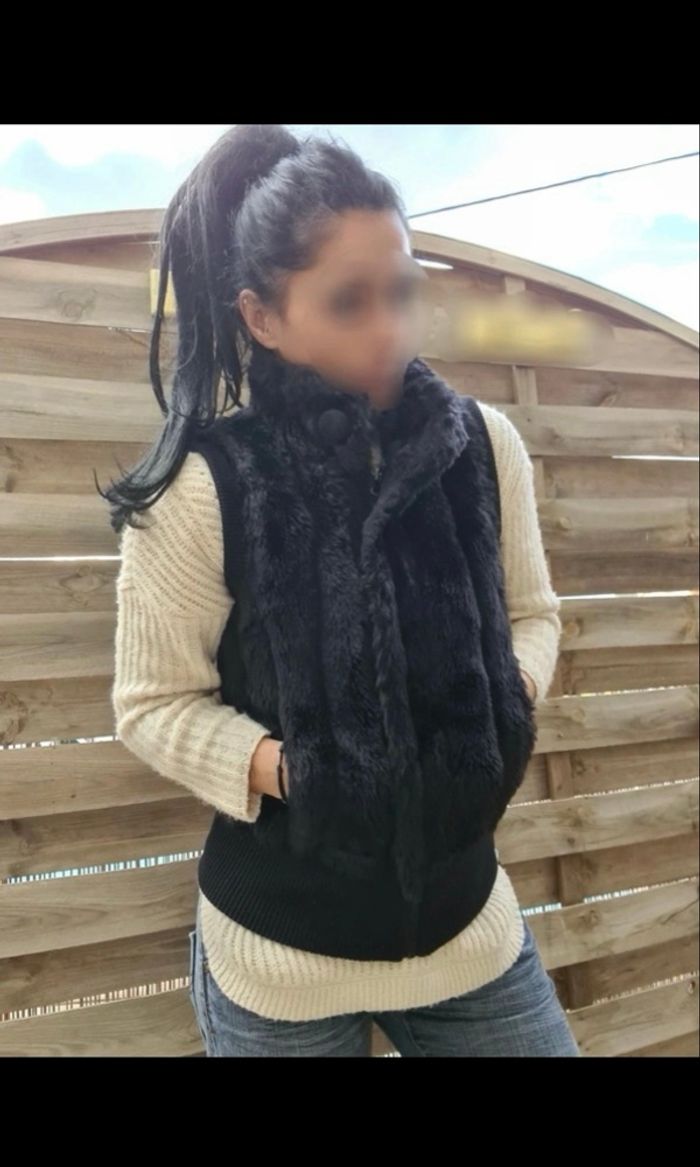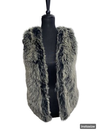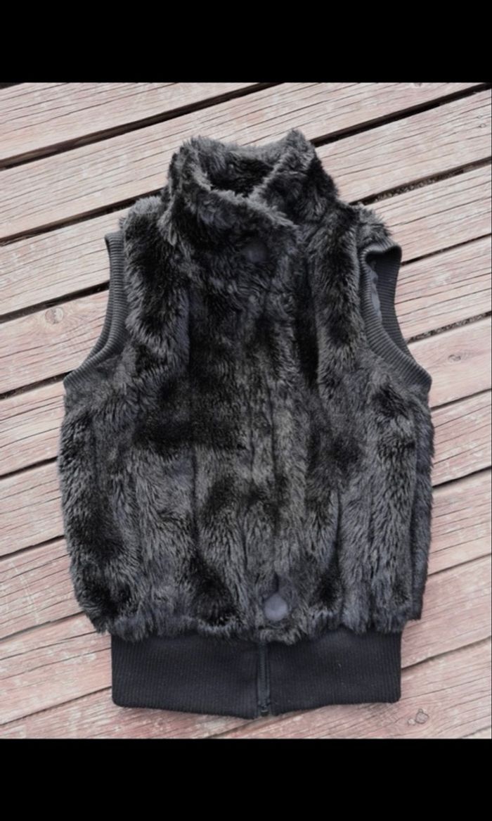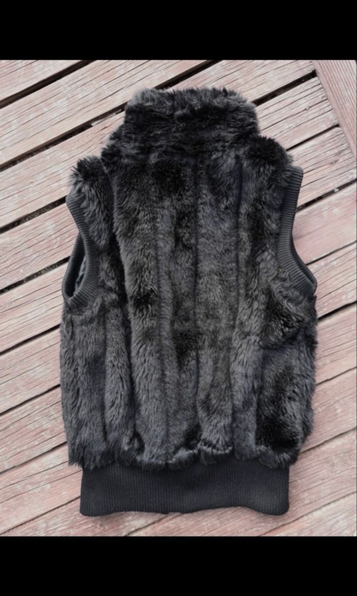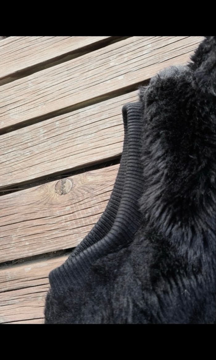 Veste sans manches fausse fourrure noire Deux poches plaquées latérales Col rond montant Fermeture par glissière et deux gros boutons Finitions bords côtes Toute doublée
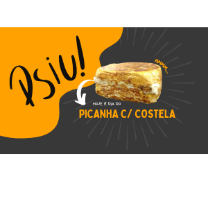 Pão, Hambúrguer de Picanha, queijo prato, presunto, costela desfiada, ketchup, mostarda, maionese, tomate, cebola, milho, ervilha, picles e batata palha.
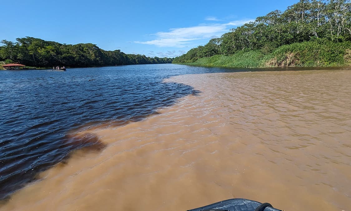 アマゾンには多くの支流が注ぎ込みます。そんな川の合流点には多くの淡水イルカが生息しています。水の透明度が低いアマゾンのイルカはほとんど目が見えないそうです。その分耳が発達していて音波で周りが理解できるとのことでした。見ものはピンクイルカです。これは主食のプランクトンの色が身体に移ったのだそうです。そういえばフラミンゴもそうでした。

• _TASK TO COMPLETE_: Everything in the data except the pictures needs to be written out exactly.

• _RESPONSE BELOW_:
 Veste sans manches fausse fourrure noire Deux poches plaquées latérales Col rond montant Fermeture par glissière et deux gros boutons Finitions bords côtes Toute doublée
 Pão, Hambúrguer de Picanha, queijo prato, presunto, costela desfiada, ketchup, mostarda, maionese, tomate, cebola, milho, ervilha, picles e batata palha.
 アマゾンには多くの支流が注ぎ込みます。そんな川の合流点には多くの淡水イルカが生息しています。水の透明度が低いアマゾンのイルカはほとんど目が見えないそうです。その分耳が発達していて音波で周りが理解できるとのことでした。見ものはピンクイルカです。これは主食のプランクトンの色が身体に移ったのだそうです。そういえばフラミンゴもそうでした。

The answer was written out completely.